An L-glucose catabolic pathway in Paracoccus species 43P

Abstract

Background: L-Glucose, the enantiomer of D-glucose, was believed not to be utilized by any organisms.

Results: An L-glucose-utilizing bacterium was isolated, and its L-glucose catabolic pathway was identified genetically and enzymatically.

Conclusion: L-Glucose was utilized via a novel pathway to pyruvate and D-glyceraldehyde 3-phosphate.
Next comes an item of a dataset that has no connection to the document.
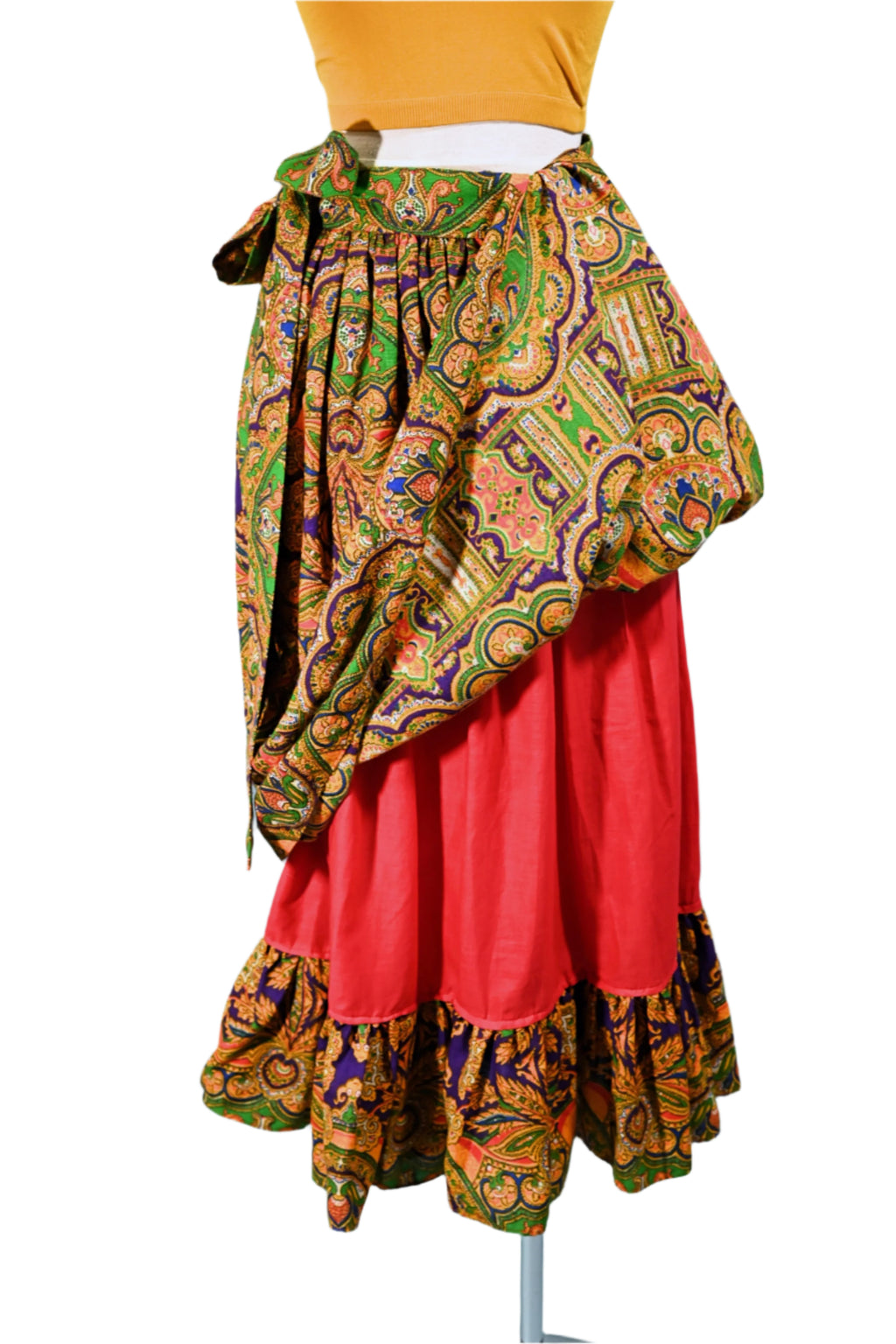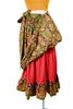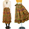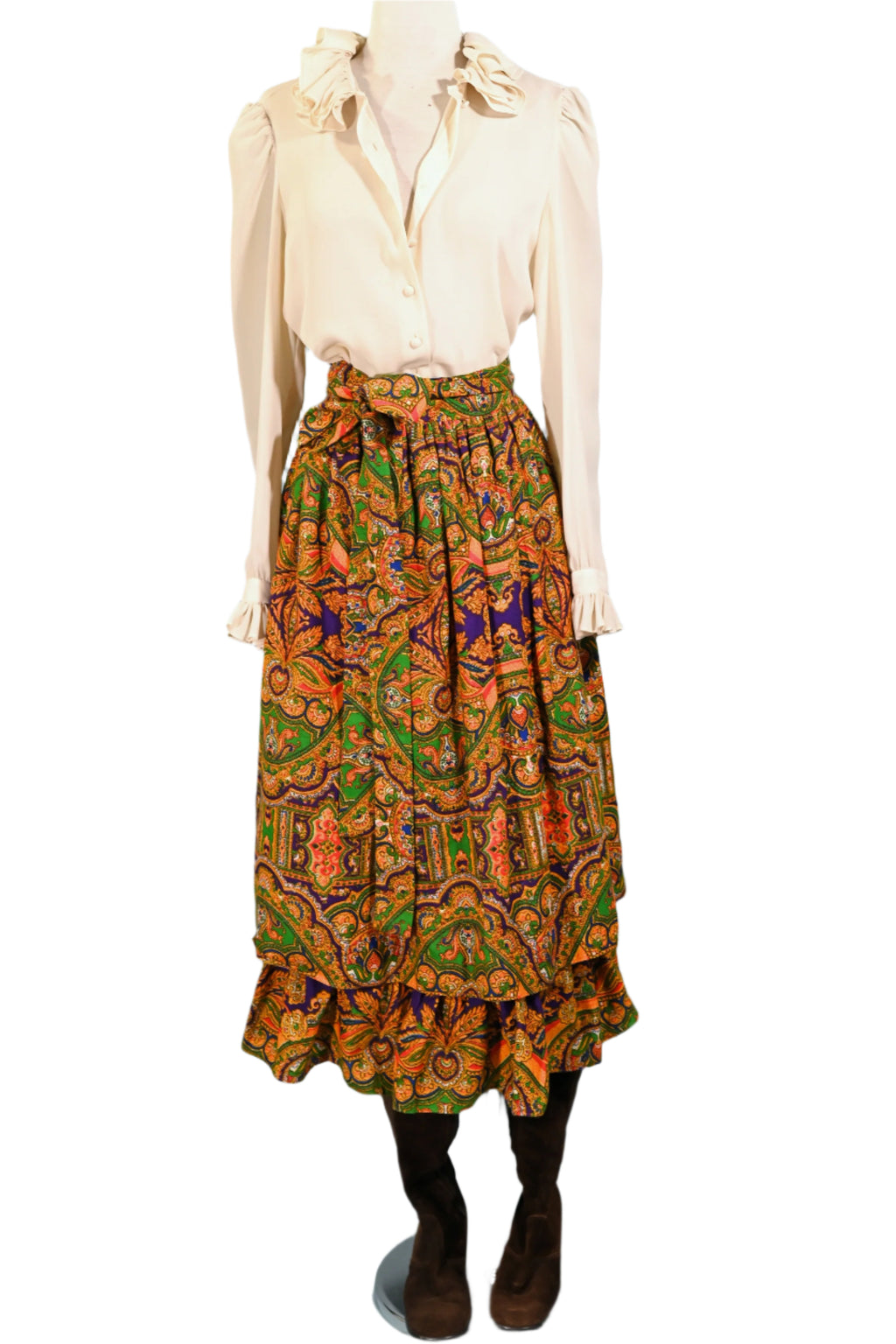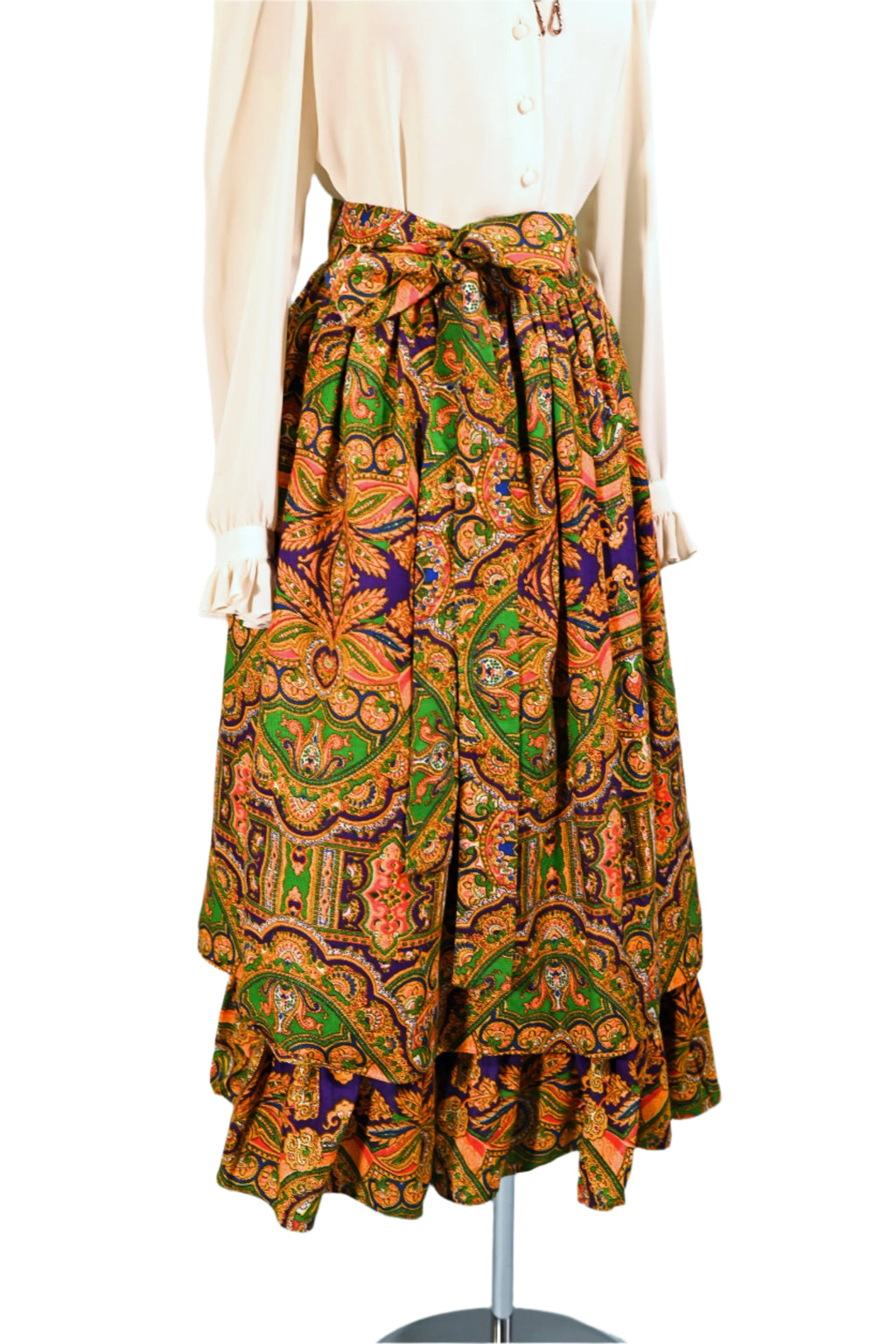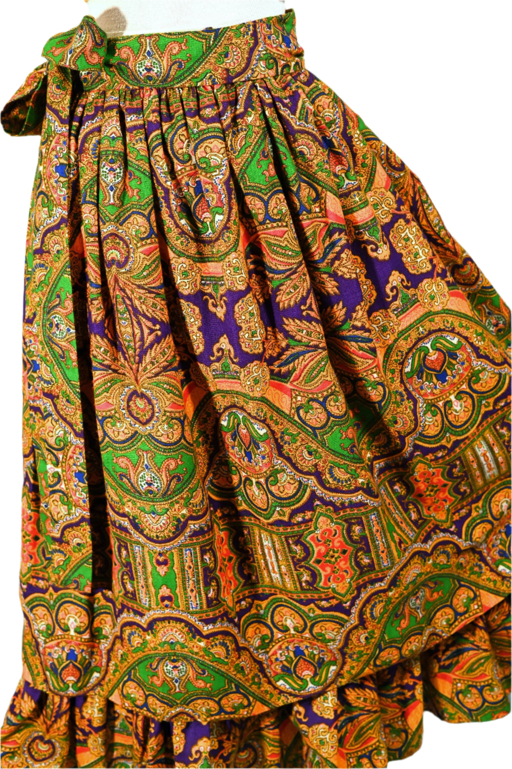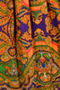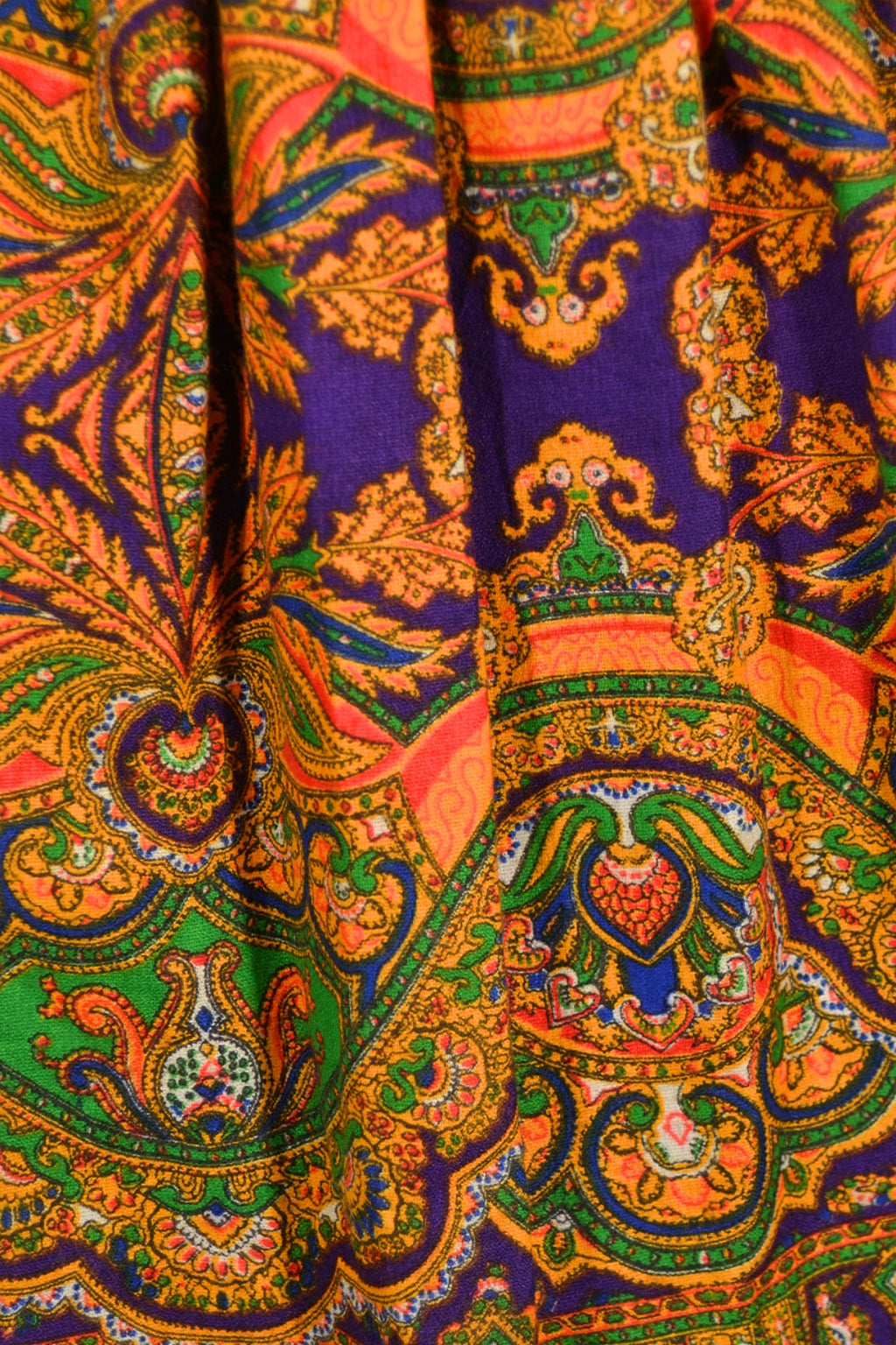 Multicolored - Gold, green, red, purple, black. Content not marked, feels like a lightweight wool challis, with Cotton lining.

Significance: This might lead to an understanding of homochirality in sugar metabolism. An L-glucose-utilizing bacterium, Paracoccus sp. 43P, was isolated from soil by enrichment cultivation in a minimal medium containing L-glucose as the sole carbon source. In cell-free extracts from this bacterium, NAD(+)-dependent L-glucose dehydrogenase was detected as having sole activity toward L-glucose. This enzyme, LgdA, was purified, and the lgdA gene was found to be located in a cluster of putative inositol catabolic genes. LgdA showed similar dehydrogenase activity toward scyllo- and myo-inositols. L-Gluconate dehydrogenase activity was also detected in cell-free extracts, which represents the reaction product of LgdA activity toward L-glucose. Enzyme purification and gene cloning revealed that the corresponding gene resides in a nine-gene cluster, the lgn cluster, which may participate in aldonate incorporation and assimilation. Kinetic and reaction product analysis of each gene product in the cluster indicated that they sequentially metabolize L-gluconate to glycolytic intermediates, D-glyceraldehyde-3-phosphate, and pyruvate through reactions of C-5 epimerization by dehydrogenase/reductase, dehydration, phosphorylation, and aldolase reaction, using a pathway similar to L-galactonate catabolism in Escherichia coli. Gene disruption studies indicated that the identified genes are responsible for L-glucose catabolism.

FIGURE 1.

Growth (open symbols) and l-glucose consumption (closed symbols) of strains 43P (circles) and NBRC 102528^T (triangles) in l-Glc MM. Growth was monitored by measuring the absorbance at 600 nm. The DNS method was used to determine the l-glucose concentration by measuring the reducing sugars in the culture medium of strains 43P and NBRC 102528^T. Cultivation was conducted in three independent cultures, and average values ± S.D. are shown.

FIGURE 2.

Gene organization of the clusters containing lgdA (A) and lgn (B). Genes encoding the enzymes for l-glucose catabolism are shaded, and sequence identities to the corresponding P. denitrificans PD1222 genes are shown below.

FIGURE 3.

HPLC analysis of LgdA (A), LgnH (B), LgnI (C), and LgnE (D) reaction products detected by a refractive index (RI) and chiral detector (OR). Black and gray lines indicate chromatograms of the reaction products and authentic compounds l-gluconate (A), d-5-keto-gluconate (B), d-idonate (C), and KDGal (D), respectively.

FIGURE 4.

Growth of strain 43P and gene disruption mutants in minimal media containing l-glucose (A), l-gluconate (B), d-idonate (C), l-galactonate (D), scyllo-inositol (E), and myo-inositol (F). Open circles, strain 43P; closed circles, ΔlgdA strain; open triangles, ΔlgnE strain; closed triangles, ΔlgnH strain; open squares, ΔlgnI strain. B, the growth of strain NBRC 102528^T is also shown (closed squares). Cultivation was conducted in three independent cultures, and average values ± S.D. are shown.

FIGURE 5.

Model of the l-glucose catabolic pathway in strain 43P based on the results of this study. Altered moieties in each enzyme reaction are shown in gray.